The DMLLM of the present invention includes a cloud-based subscription service capable of transforming the way scientific data is processed, interpreted, and utilized across various domains. It is designed to streamline research procedures, expedite decision-making processes, and mitigate potential pitfalls, especially benefiting scientists with limited experience in a new field. By aggregating and assimilating the most recent scholarly articles, our tool equips educators with the most current knowledge to enhance the teaching of intricate technical concepts. Simultaneously, it empowers students by facilitating their exploration of technical inquiries through our user-friendly conversational interface.
The above-described invention has a number of particular features that should preferably be employed in combination, although each is useful separately without departure from the scope of the invention. While the preferred embodiment of the present invention is shown and described herein, it will be understood that the invention may be embodied otherwise than herein specifically illustrated or described, and that certain changes in form and arrangement of parts and the specific manner of practicing the invention may be made within the underlying idea or principles of the invention.

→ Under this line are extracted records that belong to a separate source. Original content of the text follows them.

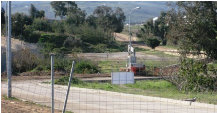
Carretera de la Purísima

El pozo de Alcaraz, situado en el callejón homónimo que comunica con la Carretera de Farhana, no se encuentra en la actualidad conectado con la red de impulsión principal de la Ciudad abasteciendo únicamente al entorno cercano.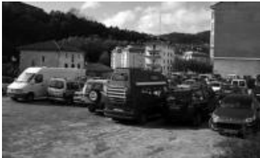
Beheko Biden egingo dute eraikina.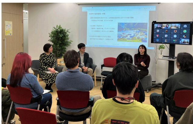
（3社によるクロストークの様子）

3月22日（金）にメンバーズ仙台拠点「ウェブガーデン仙台」にて、社員向けイベントを開催しました。ゲストに、植林による森林保全プロジェクト「メンバーズの森」に共に取り組む一般社団法人more treesさまと一般社団法人 邑サポートさまをお招きし、当社を含む3社でクロストークを行いました。当日は社員45名が参加し、「メンバーズの森」に取り組む理由や気候変動、日本の森林課題について学びを深めました。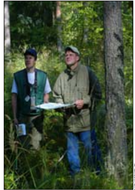
Les conseils individuels et les visites sur les lieux font partie intégrante des activités d'une association de gestion forestière: un propriétaire forestier et un conseiller d'une association de gestion forestière comparent les mesures proposées dans le plan d'aménagement avec la situation réelle de la forêt

La fourniture volontaire de conseils sylvicoles et la coopération entre les propriétaires forestiers privés en Finlande repose sur une longue histoire et tradition. Les premières associations de ges-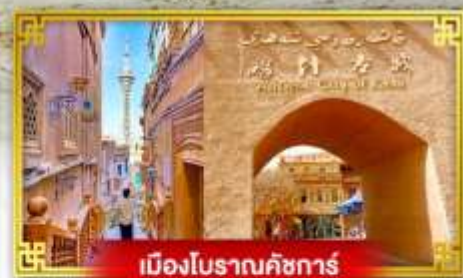
เมืองโบราณคัชการ์

เดินทางโดย : สายการบินโซนาเซาเทิร์นแอร์ไลน์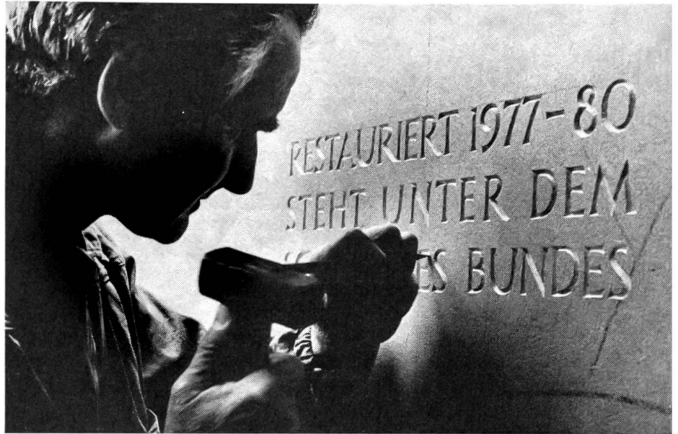
Der letzte Akt am renovierten Käfigturm in Bern

Wir hatten uns in Gedanken immer einen flachen, sonnenüberstrahlten Gebirgssee vorgestellt, aber der See, in dem das Kreuz liegen sollte, war nur eine schmale Schlucht, eigentlich nur eine Felsspalte, am Rand einer fast senkrechten Steilwand, deren oberer Teil aus losem Geröll zu bestehen schien. Wie tief das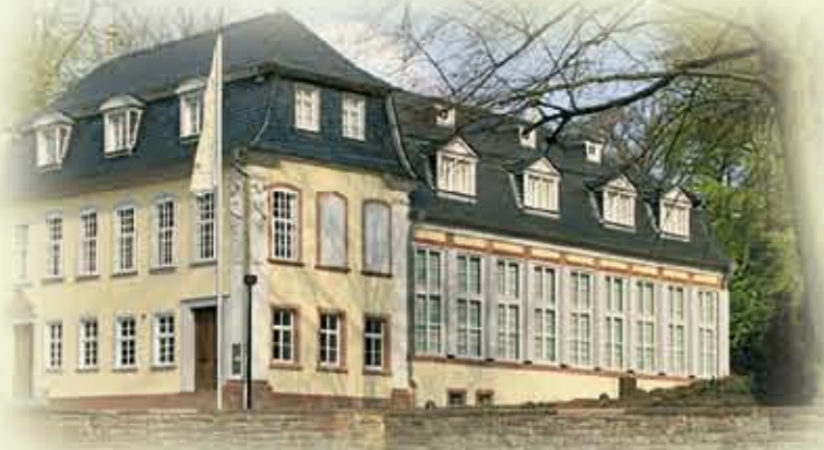
Wertheim, Schlosschen im Hofgarten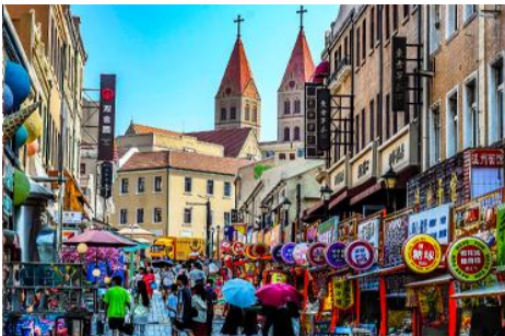
ถนนจงซาน

นำท่านเดินทางชม สะพานจ้านเจียว 栈桥 เป็นแลนด์มาร์กแห่งประวัติศาสตร์คู่เมืองชิงเต่า สร้างเมื่อปี ค.ศ.1891 มีลักษณะเป็นสะพานหินทอดยาวกว่า 440 เมตรสู่ทะเล ปลายสะพานมีศาลา ทรงแปดเหลี่ยมสีแดงที่โดดเด่น ซึ่งเป็นสัญลักษณ์บนฉลากเบียร์ชิงเต่า ขึ้นชื่อเรื่องวิวสวย รับลมทะเล ให้ท่านเก็บภาพบรรยากาศ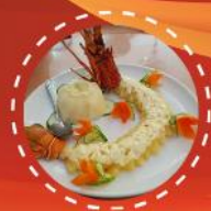
สลัดกุ้งมังกร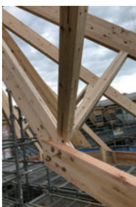
屋根の荷重をバランス良く外部へ分散。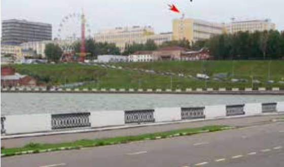
Рис.6 Собор не виден с набережной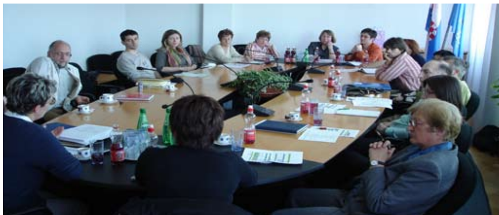
Radne skupine LA21 KC

U ljeto 2005. Gradsko je vijeće imenovalo i Upravni odbor za Lokalnu Agendu 21 i postupak izrade time je i formalno započeo. Prvi korak Odbora za izradu Lokalne Agende 21 bilo je upoznavanje javnosti s ciljevima i koracima izrade dokumenta. Na uvodnom seminaru, koji je izazvao veliko zanimanje i želju za sudjelovanjem, nastao je Forum za okoliš: brojno tijelo zainteresiranih građana - članova udruga, zaposlenika gradske uprave, gospodarstvenika i stručnjaka različitih profila koji su izrazili spremnost da svojim aktivnim doprinosom i znanjem sudjeluju u izradi dokumenta. Iz Forumu za okoliš formirane su radne skupine za okoliš, gospodarstvo i društvena pitanja koje su preuzele praktični dio posla. Skupine broje od 10 do 15 članova - predstavnika gospodarstva, socijalnih, zdravstvenih, kulturnih i obrazovnih ustanova, mjesnih odbora, udruga i gradske uprave.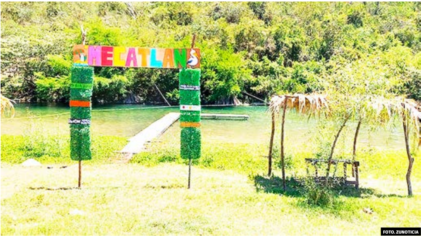
● Familias de Mecatlán se unieron para abrir la playa Los Pelícanos.

● Por cuarta ocasión, las familias de Mecatlán se unieron y trabajaron arduamente para la apertura del paraje turístico.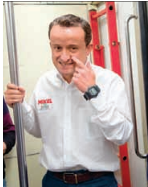
Mikel Arriola viaja en Metro, descarta aumento de la tarifa y dice que ampliará la red 15 kilómetros al año .13

Podrán votar 25 millones de ellos, de los cuales 14 millones lo harán por primera vez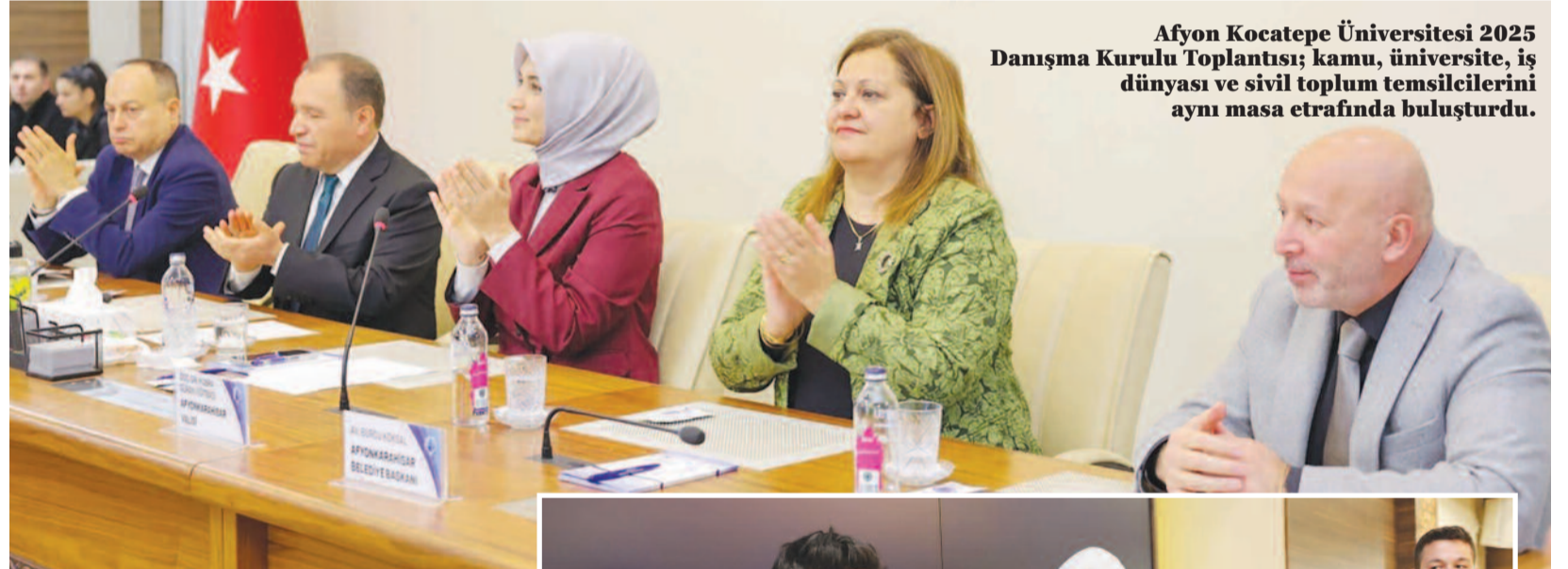
Afyon Kocatepe Üniversitesi 2025 Danışma Kurulu Toplantısı; kamu, üniversite, iş dünyası ve sivil toplum temsilcilerini aynı masa etrafında buluşturdu.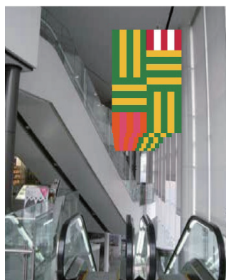
バナー掲出イメージ図（掲出時期未定）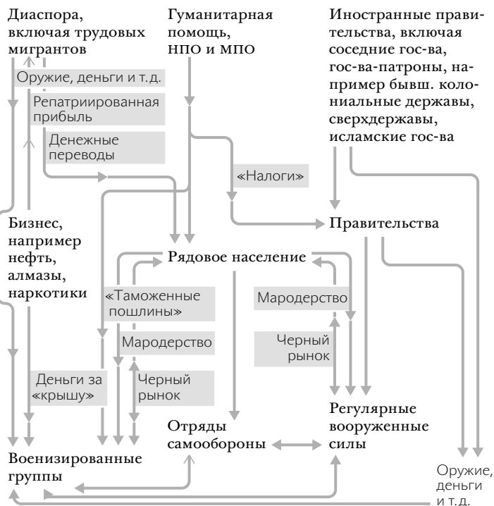
РИС. 5.2. Поток материальных средств в новых войнах

нитарной помощи. Прямая помощь от иностранных правительств, деньги за «крышу» от производителей сырьевых товаров и помощь от дияспоры увеличивают способность разнообразных боевых формирований извлекать из обычных людей еще больше материальных средств и таким образом поддерживать их военные усилия.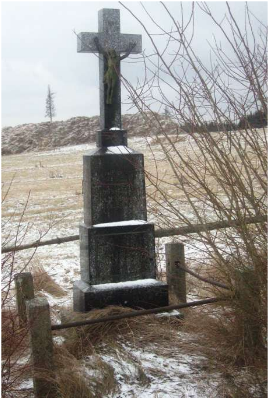
mezi Pozďatínem a Smrkem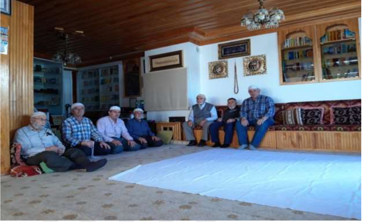
Resim 8: Ulusta bulunan İlâhi Işık derneğinde Tîcâniler ikindi vazifesinin zikrini çekerken çekilmiş fotoğraf. Ortada serilmiş olan beyaz sofranın ortaya serilmesinin nedeni, vazifede okunan “Cevheratu’l kemâl” yedinci kez okunmaya başlandığında Pilavoğlu, Peygamber Efendimiz ve dört halifesi, Ahmed et-Tîcâni gelir. Onlara hürmeten vazife yaparken beyaz sofraya serilir.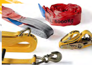
Elingues et sangles

1. A system comprising a cloud-based subscription service capable of transforming the way scientific data is processed, interpreted, and utilized across a plurality of different domains, wherein said system comprises:
(a) incorporating a plurality of different forms of data in order to provide a more nuanced understanding of scientific literature; and
(b) a hybrid keyword and semantic search retrieval-augmented generation architecture in order to ingest a plurality of scientific documents and extract text and other data, to build a comprehensive, multi-modal database.
2. The system of claim 1, wherein a plurality of different types of content are then extracted and treated as individual documents.
3. The system of claim 2, wherein said system is able to both process a plurality of queries and understand context, infer intent, and even capture sentiment and a plurality of latent variables.